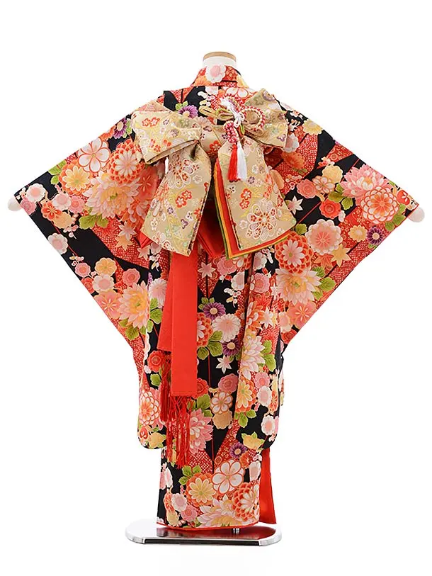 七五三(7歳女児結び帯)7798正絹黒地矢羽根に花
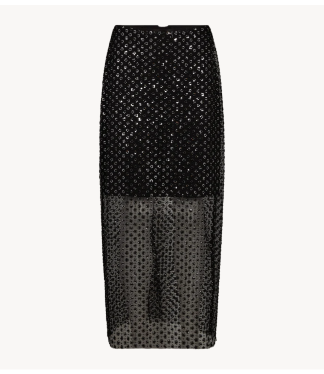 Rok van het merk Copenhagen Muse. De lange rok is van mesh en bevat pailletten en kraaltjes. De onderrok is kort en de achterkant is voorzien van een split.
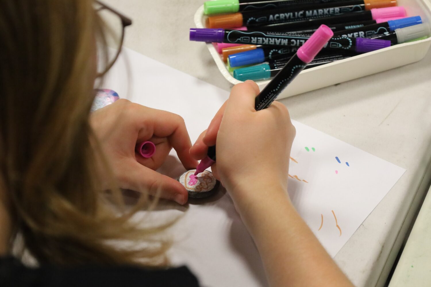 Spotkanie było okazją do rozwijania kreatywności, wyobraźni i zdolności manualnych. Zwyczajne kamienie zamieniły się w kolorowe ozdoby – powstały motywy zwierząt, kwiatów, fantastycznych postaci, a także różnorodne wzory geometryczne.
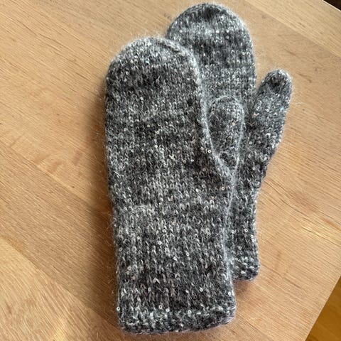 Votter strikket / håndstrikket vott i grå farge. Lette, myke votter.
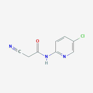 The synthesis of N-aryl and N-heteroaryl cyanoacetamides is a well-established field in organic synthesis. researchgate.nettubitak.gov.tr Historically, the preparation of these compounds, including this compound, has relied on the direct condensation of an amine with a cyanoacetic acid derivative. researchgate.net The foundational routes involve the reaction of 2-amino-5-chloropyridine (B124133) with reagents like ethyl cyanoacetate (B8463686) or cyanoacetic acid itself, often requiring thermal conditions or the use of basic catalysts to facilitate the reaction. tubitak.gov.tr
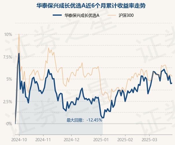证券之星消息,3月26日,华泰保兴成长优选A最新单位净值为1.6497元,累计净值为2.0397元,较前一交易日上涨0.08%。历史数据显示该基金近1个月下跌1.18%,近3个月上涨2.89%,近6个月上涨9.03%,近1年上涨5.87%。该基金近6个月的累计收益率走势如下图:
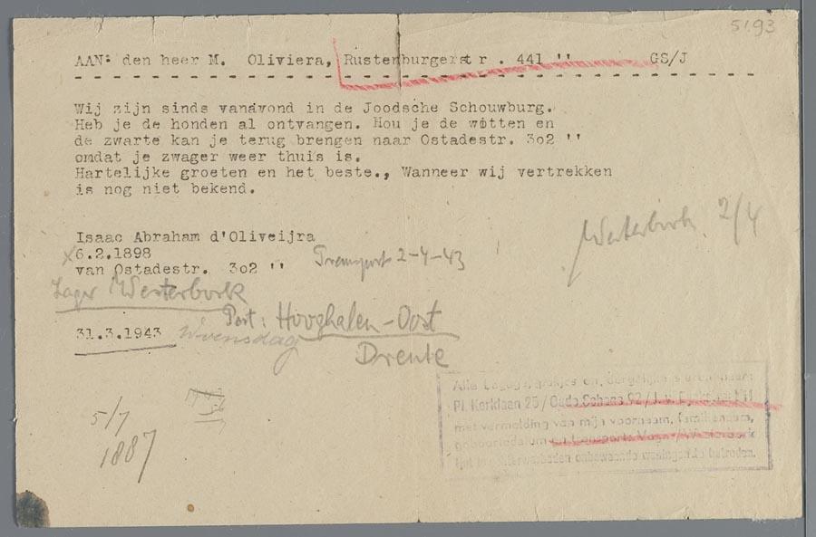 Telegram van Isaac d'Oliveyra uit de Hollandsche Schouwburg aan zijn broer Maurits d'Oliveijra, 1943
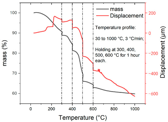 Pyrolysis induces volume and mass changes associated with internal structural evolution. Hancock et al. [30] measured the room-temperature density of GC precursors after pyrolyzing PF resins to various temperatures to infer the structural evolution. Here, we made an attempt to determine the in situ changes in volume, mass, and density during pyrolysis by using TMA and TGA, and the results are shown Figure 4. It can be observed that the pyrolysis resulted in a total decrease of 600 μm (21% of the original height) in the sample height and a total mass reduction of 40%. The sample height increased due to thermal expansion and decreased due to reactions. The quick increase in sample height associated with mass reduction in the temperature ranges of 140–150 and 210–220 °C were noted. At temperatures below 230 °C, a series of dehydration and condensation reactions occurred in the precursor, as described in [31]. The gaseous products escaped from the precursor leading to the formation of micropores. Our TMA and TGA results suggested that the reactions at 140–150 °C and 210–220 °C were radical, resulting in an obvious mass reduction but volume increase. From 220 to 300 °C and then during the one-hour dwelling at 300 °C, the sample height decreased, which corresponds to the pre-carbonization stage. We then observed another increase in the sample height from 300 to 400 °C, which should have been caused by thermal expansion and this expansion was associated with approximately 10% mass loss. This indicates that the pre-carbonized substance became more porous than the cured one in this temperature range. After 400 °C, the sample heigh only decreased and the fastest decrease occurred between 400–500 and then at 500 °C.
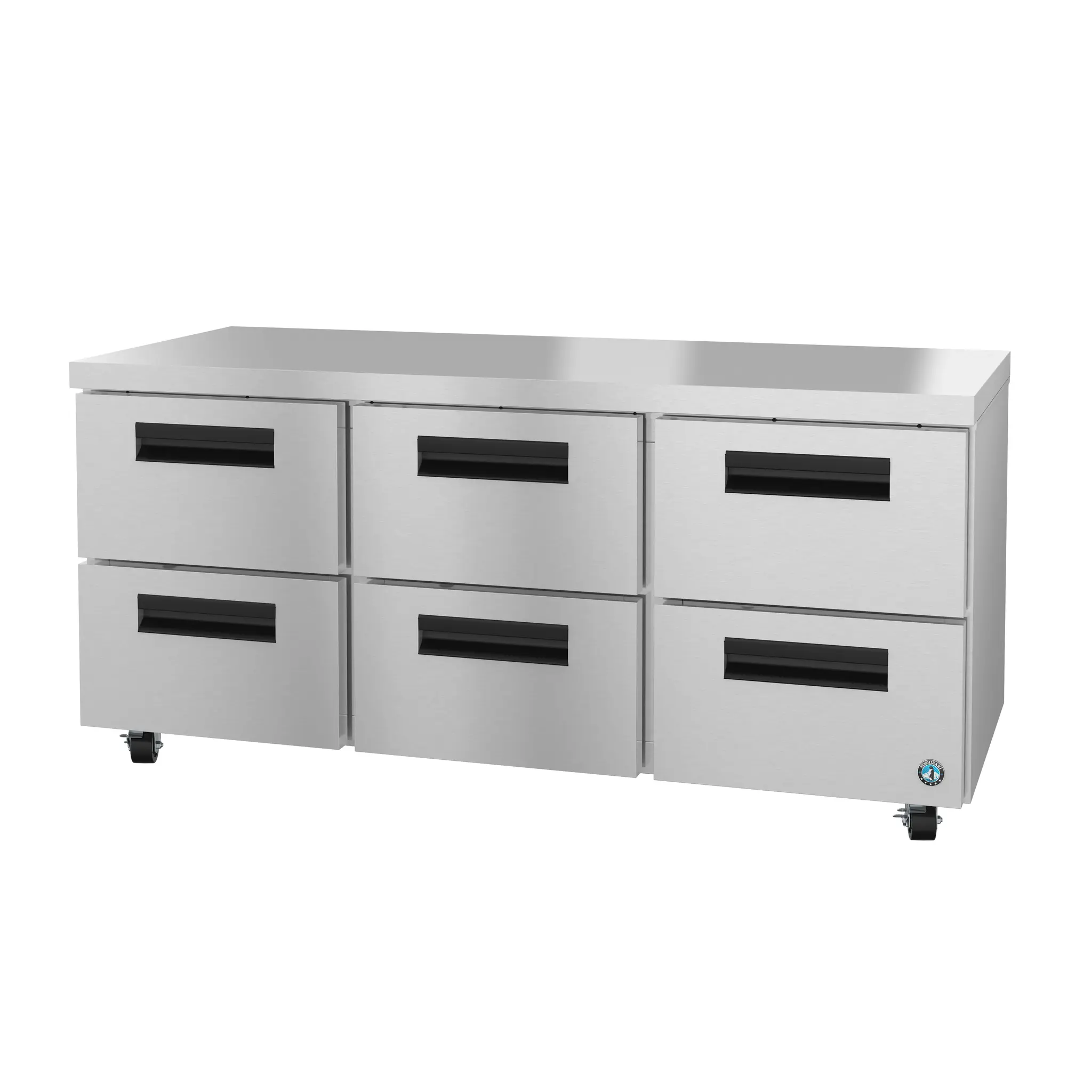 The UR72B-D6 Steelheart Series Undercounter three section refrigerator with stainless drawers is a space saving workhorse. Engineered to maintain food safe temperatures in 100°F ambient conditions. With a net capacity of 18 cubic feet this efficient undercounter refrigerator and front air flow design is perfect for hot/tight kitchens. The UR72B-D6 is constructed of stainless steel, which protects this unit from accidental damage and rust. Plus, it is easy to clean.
---
◆ Exercise instructions:
Omit all images when repeating the data above exactly.

◆ Finished task:
 七五三(7歳女児結び帯)7798正絹黒地矢羽根に花
 Rok van het merk Copenhagen Muse. De lange rok is van mesh en bevat pailletten en kraaltjes. De onderrok is kort en de achterkant is voorzien van een split.
 Spotkanie było okazją do rozwijania kreatywności, wyobraźni i zdolności manualnych. Zwyczajne kamienie zamieniły się w kolorowe ozdoby – powstały motywy zwierząt, kwiatów, fantastycznych postaci, a także różnorodne wzory geometryczne.
 Votter strikket / håndstrikket vott i grå farge. Lette, myke votter.
 The synthesis of N-aryl and N-heteroaryl cyanoacetamides is a well-established field in organic synthesis. researchgate.nettubitak.gov.tr Historically, the preparation of these compounds, including this compound, has relied on the direct condensation of an amine with a cyanoacetic acid derivative. researchgate.net The foundational routes involve the reaction of 2-amino-5-chloropyridine (B124133) with reagents like ethyl cyanoacetate (B8463686) or cyanoacetic acid itself, often requiring thermal conditions or the use of basic catalysts to facilitate the reaction. tubitak.gov.tr
证券之星消息,3月26日,华泰保兴成长优选A最新单位净值为1.6497元,累计净值为2.0397元,较前一交易日上涨0.08%。历史数据显示该基金近1个月下跌1.18%,近3个月上涨2.89%,近6个月上涨9.03%,近1年上涨5.87%。该基金近6个月的累计收益率走势如下图:
 Telegram van Isaac d'Oliveyra uit de Hollandsche Schouwburg aan zijn broer Maurits d'Oliveijra, 1943
 Pyrolysis induces volume and mass changes associated with internal structural evolution. Hancock et al. [30] measured the room-temperature density of GC precursors after pyrolyzing PF resins to various temperatures to infer the structural evolution. Here, we made an attempt to determine the in situ changes in volume, mass, and density during pyrolysis by using TMA and TGA, and the results are shown Figure 4. It can be observed that the pyrolysis resulted in a total decrease of 600 μm (21% of the original height) in the sample height and a total mass reduction of 40%. The sample height increased due to thermal expansion and decreased due to reactions. The quick increase in sample height associated with mass reduction in the temperature ranges of 140–150 and 210–220 °C were noted. At temperatures below 230 °C, a series of dehydration and condensation reactions occurred in the precursor, as described in [31]. The gaseous products escaped from the precursor leading to the formation of micropores. Our TMA and TGA results suggested that the reactions at 140–150 °C and 210–220 °C were radical, resulting in an obvious mass reduction but volume increase. From 220 to 300 °C and then during the one-hour dwelling at 300 °C, the sample height decreased, which corresponds to the pre-carbonization stage. We then observed another increase in the sample height from 300 to 400 °C, which should have been caused by thermal expansion and this expansion was associated with approximately 10% mass loss. This indicates that the pre-carbonized substance became more porous than the cured one in this temperature range. After 400 °C, the sample heigh only decreased and the fastest decrease occurred between 400–500 and then at 500 °C.
 The UR72B-D6 Steelheart Series Undercounter three section refrigerator with stainless drawers is a space saving workhorse. Engineered to maintain food safe temperatures in 100°F ambient conditions. With a net capacity of 18 cubic feet this efficient undercounter refrigerator and front air flow design is perfect for hot/tight kitchens. The UR72B-D6 is constructed of stainless steel, which protects this unit from accidental damage and rust. Plus, it is easy to clean.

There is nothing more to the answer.